Both women looked up. It was John-Paul.

‘Cecilia. They want us to sign some forms –’ He stopped, and saw Rachel.

‘Hello Mrs Crowley,’ he said.

‘Hello,’ said Rachel.

She couldn’t move. It was as though she was anaesthetised. Here was her daughter’s murderer standing in front of her. An exhausted, distressed, middle-aged father, with red-rimmed eyes and grey stubble. It was impossible. He had nothing to do with Janie. He was much too old. Too grown-up.

Cecilia said, ‘I told her, John-Paul.’

John-Paul took a step back, as if someone had tried to hit him.

He briefly closed his eyes, and then he opened them and looked straight down at Rachel, with such sick regret in his eyes, there was longer any doubt in her mind.

‘But why?’ Rachel said, and she was struck by how civilised and ordinary she sounded, discussing her daughter’s murder in the middle of the day, while dozens of people walked by, ignoring them, assuming theirs was just another unremarkable conversation. ‘Could you please tell me why you would do such a thing? She was just a little girl.’

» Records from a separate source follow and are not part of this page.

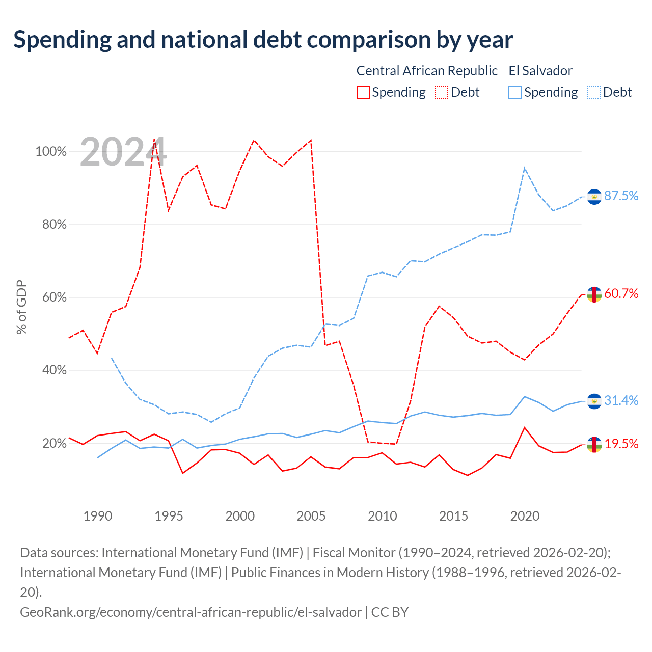 The Central African Republic has $1.67B in government debt (60.7% of GDP), compared to $30.9B (87.5% of GDP) in El Salvador.
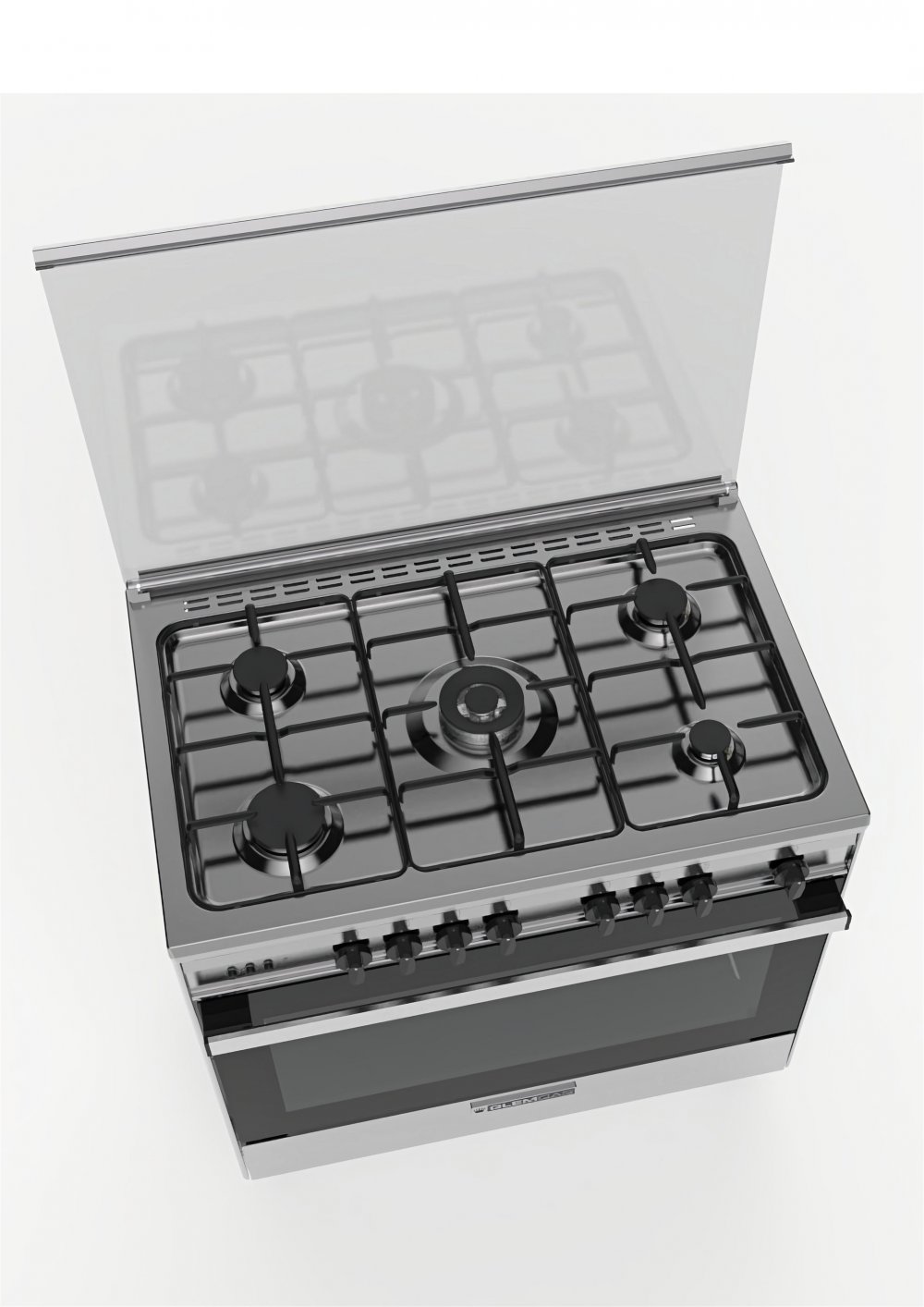 يتميز هذا الفرن بتصميم أنيق من الستانلس ستيل مقاس 90 سم، مما يمنحه متانة عالية ومظهراً لامعاً يندمج بسهولة مع ديكور المطبخ. يأتي مزوداً بخمس شعلات غاز توفر مرونة في استخدام أواني الطهي بمختلف أحجامها، مما يسهل إعداد أكثر من طبق في الوقت نفسه.
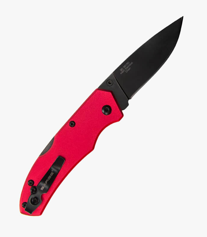 Blade: 3.25" Drop Point Steel: 8Cr13Mov Finish: Matte Stonewash Handle: Black/Red/Blue Anodized Aluminum Open: 7.75" Closed: 4.5" Lock: Slide Lock Includes: Reversable Wire Pocket clip Features: Ball Bearing Pivot Bolt System Packaging: 2pc Sarge Cardstock Box
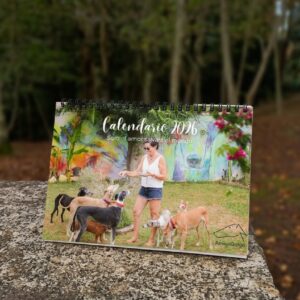 Este año, vendemos también los calendarios de la protectora Amigo Galgo, proyecto que admiramos y es un punto clave en la formalización de La Isla de Tali como refugio de animales.
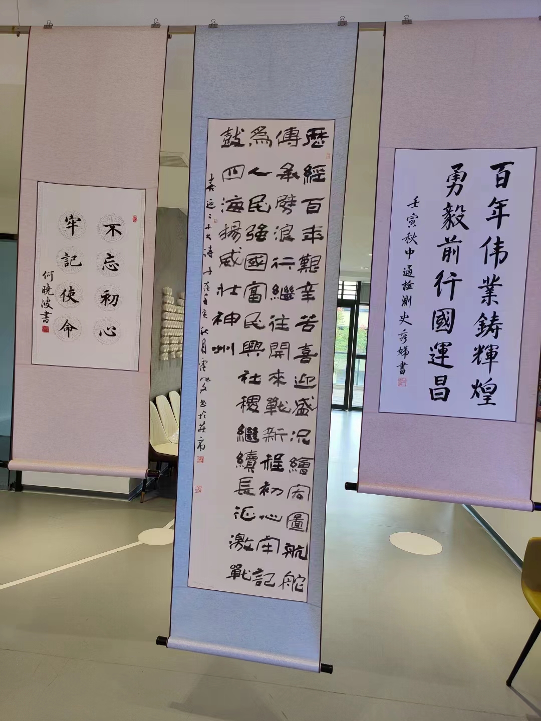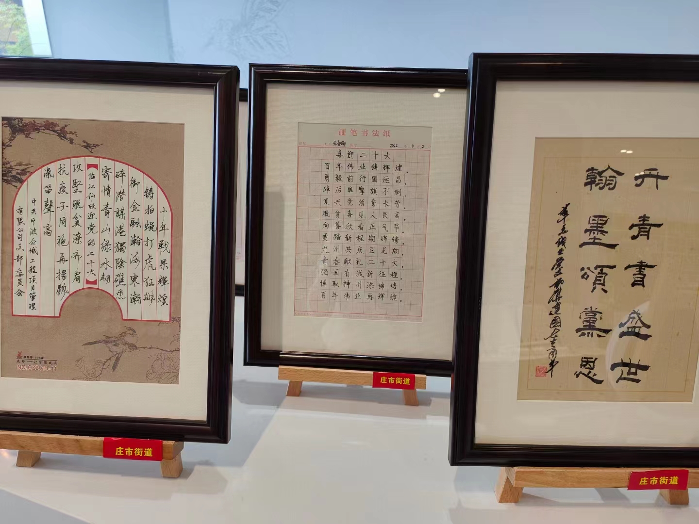 收看完激動(dòng)人心的二十大報(bào)告后,各黨支部負(fù)責(zé)人還參觀了街道組織策劃的各企業(yè)喜迎二十大的書法展覽。這些作品主題鮮明、內(nèi)容豐富、取材廣泛,融時(shí)代性、思想性和藝術(shù)性于一體,熱情謳歌了黨的豐功偉績(jī)和祖國(guó)的巨大變化,充分表達(dá)了“堅(jiān)定不移跟黨走”的理想信念,全面展現(xiàn)了“腳踏實(shí)地、砥礪前行”的時(shí)代精神風(fēng)貌。

John-Paul ducked his head and ran both his hands through his nice respectable hair, and when he looked up again, it was as though his face had shattered into a thousand pieces. ‘It was an accident, Mrs Crowley. I never meant to hurt her, because, you see, I loved her. I really loved her.’ He wiped the back of his hand across his nose, in a careless, hopeless gesture, like a drunk on a street corner. ‘I was a stupid teenage boy. She told me she was seeing someone else, and then she laughed at me. I’m so sorry, but that’s the only reason I have. I know it’s no reason at all. I loved her, and then she laughed at me.’

 

Cecilia was dimly aware that people continued to move through the corridor where they sat. They hurried by or strolled, they gesticulated and laughed, they talked animatedly into mobile phones. Nobody stopped to observe the white-haired woman sitting straight-backed in the brown leather chair, her gnarled hands gripping the sides, her eyes fixed on the middle-aged man who stood in front of her, his head bowed in deep contrition, his neck exposed, his shoulders slumped. Nobody seemed to notice anything extraordinary about their frozen bodies, their silence. They were in their own little bubble, separated from the rest of humanity.

Cecilia felt the cool, smooth leather of the chair beneath her hands, and suddenly the air rushed from her lungs.

‘I need to get back to Polly,’ she said, and stood up so fast that her head swum.

How much time had passed? How long had they been out here? She felt a panicky sensation, as if she’d deserted Polly. She looked at Rachel and thought: I can’t care about you right now.

‘I need to talk to Polly’s doctor again,’ she said to Rachel.

‘Of course you do,’ said Rachel.

John-Paul held out his palms to Rachel, his wrists upwards as if he was waiting to be handcuffed. ‘I know that I don’t have any right to ask you this, Rachel, Mrs Crowley, I have no right to ask you anything, but you see, Polly needs us both right now, so I just need time –’

‘I’m not taking you away from your daughter,’ interrupted Rachel. She sounded brisk and furious, as if Cecilia and John-Paul were badly behaved teenagers. ‘I’ve already . . .’ She stopped, swallowed, and looked up at the ceiling as if she was trying to suppress the urge to be sick. She shooed them away. ‘Go. Just go to your little girl. Both of you.’